Inside an AI agency post-mortem: what we learned shipping 12 production agents in 2025

Inside an AI agency post-mortem: what we learned shipping 12 production agents in 2025

The lessons from a year of shipping production agents are not the ones the trade press covered. Vendor announcements, model leaderboards, and benchmark wars dominated 2025 AI media. The actual operating lessons; the ones that determine whether an agent survives its first month in production; were quieter, more structural, and rarely written down in public. This is a structured retrospective on the SFAI-style “12-agent year”; the pattern of work that a forward-deployed AI agency runs across roughly a dozen production agents shipped in a calendar year. The framing is illustrative; the lessons are what we saw.

Seven lessons emerged with enough force across the year that we have encoded each into our standard contract template, our default architecture, and our internal training. None of the seven is a prompt-engineering tip. Many seven are structural choices that determined whether the agent was still alive in month three. If your agency has shipped production agents in the last 18 months and these lessons do not match yours, the divergence is itself worth writing down. If you are about to ship your first, this list is the checklist we wish someone had handed us in early 2025.

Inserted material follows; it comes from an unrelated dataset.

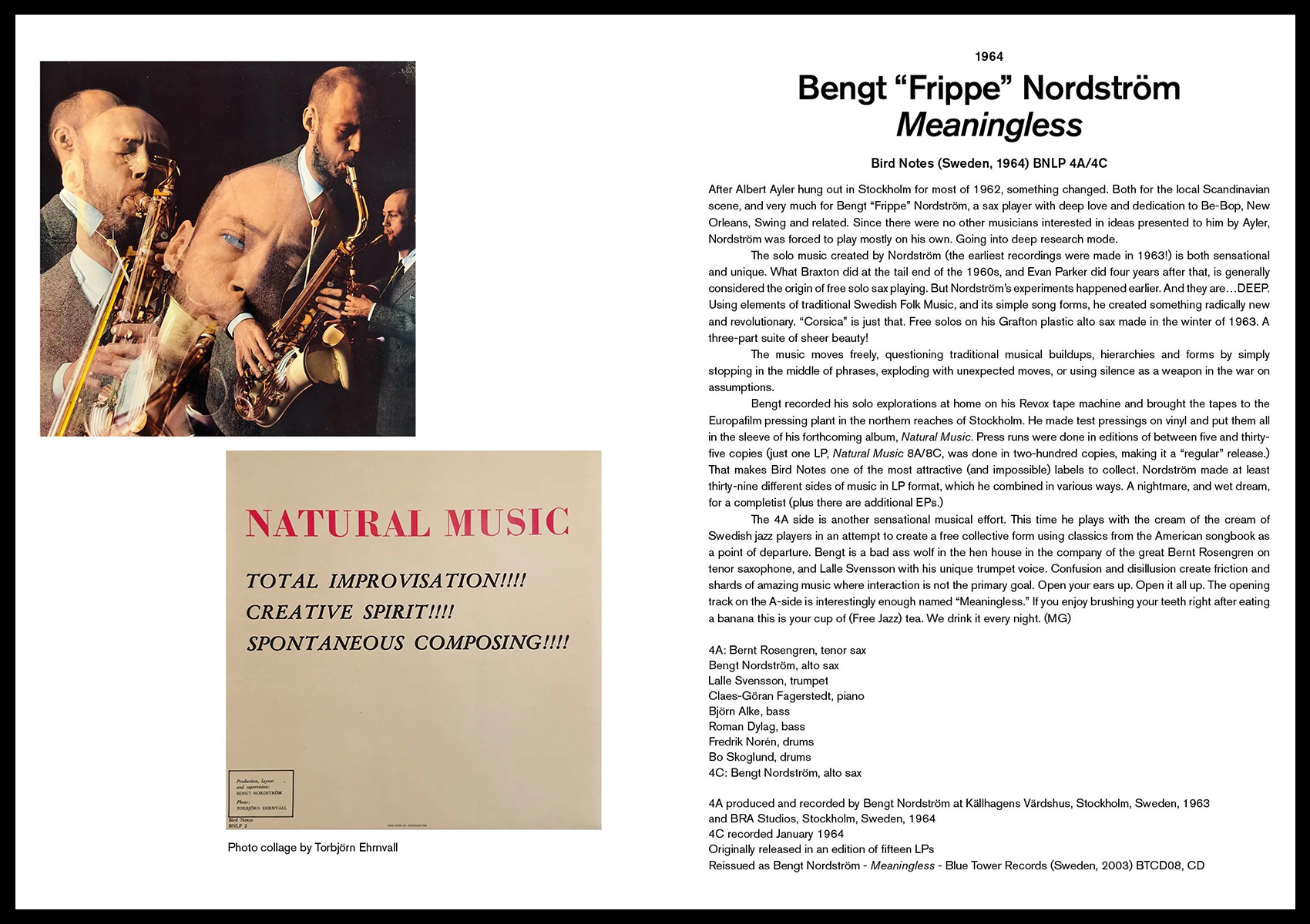 Free jazz musicians Pharoah Sanders, left, and Sonny Sharrock in Berlin, 1968, by © Philippe Gras, courtesy of Suong Gras from Now Jazz Now: 100 Essential Free Jazz and Improvisation Recordings 1960-80 (Ecstatic Peace Library).Around the same time Thurston became friends with a Swedish sax player and record maniac named Mats Gustafsson. Together with Jim O'Rourke, the three would hit record stores around the globe and literally tear them apart looking for free jazz and whatnot. They even formed a band called Diskaholics Anonymous Trio, and made an album that was only available in trade for rare jazz. Mats was totally insane for records, and had a very solid grounding of both jazz history as well as the evolution of the international avant threads. From that point onward when we would talk about “The Book,” it was always as a three-person project. And when any of us got together we'd talk about it a lot, sharing information on whatever odd gems or stores we'd happened to discover in the wild.

The frame for this retrospective is the AI agency manifesto; the stance that an AI dev partner in 2026 is forward-deployed, eval-disciplined, and accountable for production behavior, not a slide-driven consulting firm with a chatbot demo. Each of the seven lessons below is consistent with that stance and was earned across 2025 in ways that, at the time, felt like surprises rather than principles.

Decision Scope

This article is an editorial decision framework, not legal, financial, security, or accounting advice. Treat numeric examples as illustrative planning heuristics unless a source is cited, then validate the assumptions against your own contracts, data, controls, and budget model before acting.

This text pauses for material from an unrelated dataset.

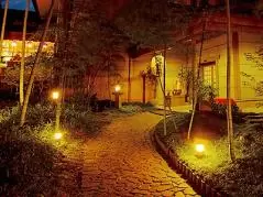 竹林に石畳回廊「クラブハウス玄関」

Lesson 1: eval-pre-architecture wins

Failure shape. Multiple engagements in early 2025 followed the historical pattern: design the architecture, ship the prototype, then “add evals” in week 4 or 5. Without exception, the eval-late projects produced systems whose architecture was wrong for the eval that emerged once the team finally wrote one down. The failure was not “bad architecture”; the failure was “architecture optimized for the wrong objective.” A retrieval system tuned for recall when the eval cared about precision. A multi-agent system tuned for parallelism when the eval cared about cost-per-turn. The team rewrote significant portions in week 6.

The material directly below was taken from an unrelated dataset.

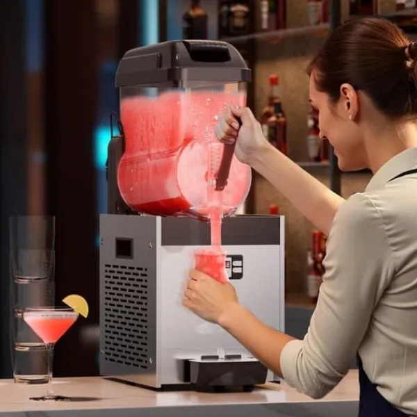 För olika drycker: Denna uppgraderade kommersiella slushmaskin har ett justerbart temperaturområde på 5 ~ 59 ℉ / -15 ~ 15 ℃, vilket ger dig möjlighet att kontrollera mjukheten eller hårdheten på dina drycker. För kalla drycker: 3 ~ 5 ℃ / 37,4 ~ 41 ℉; för alkoholfria slushies: -3 ~ -1 ℃ / 26,6 ~ 30,2 ℉; för alkoholhaltiga drycker: -12 ~ -6 ℃ / 10,4 ~ 21,2 ℉. (Rekommenderad sockerhalt: cirka 13 %, alkoholhalt: under 13 %). Den är idealisk för att skapa ett brett utbud av drycker som juice, te, margarita och iskaffe.

Lesson. Write the eval suite first; at minimum a written rubric, ideally 20–50 ground-truth cases; before any architectural commitment. The eval is the spec; the architecture is the implementation of the spec. Reversing the order produces an implementation of an unspecified spec, which is the technical definition of guesswork.

Contract clause to encode. “The first deliverable, due no later than day 5 of the engagement, is an eval rubric and a baseline suite of at least 20 ground-truth cases. Architectural decisions made before this deliverable are advisory; architectural decisions after are binding.”

Lesson 2: cost-cap is product feature, not infrastructure detail

Failure shape. A handful of agents shipped in 2025 hit cost-per-call numbers 3–8x higher than the implicit business model could absorb, and the failure was discovered only when the customer’s CFO ran the math. The team had been treating cost as an infrastructure concern; “we can optimize later”; when in fact cost-per-call was a product constraint binding tighter than latency or accuracy. The agent worked. It just could not survive the unit economics.

Lesson. The cost ceiling is a first-class product requirement, named in the engagement charter alongside the accuracy threshold. Most architecture decision is evaluated against the cost ceiling on the same footing as accuracy. A model upgrade that improves accuracy by 4% and increases cost-per-call by 60% is a regression, not an upgrade, until the unit economics are renegotiated.

Contract clause to encode. “The engagement charter names a cost-per-call ceiling that is binding on architectural decisions. Any change that breaches the ceiling requires a written addendum signed by the client product owner.”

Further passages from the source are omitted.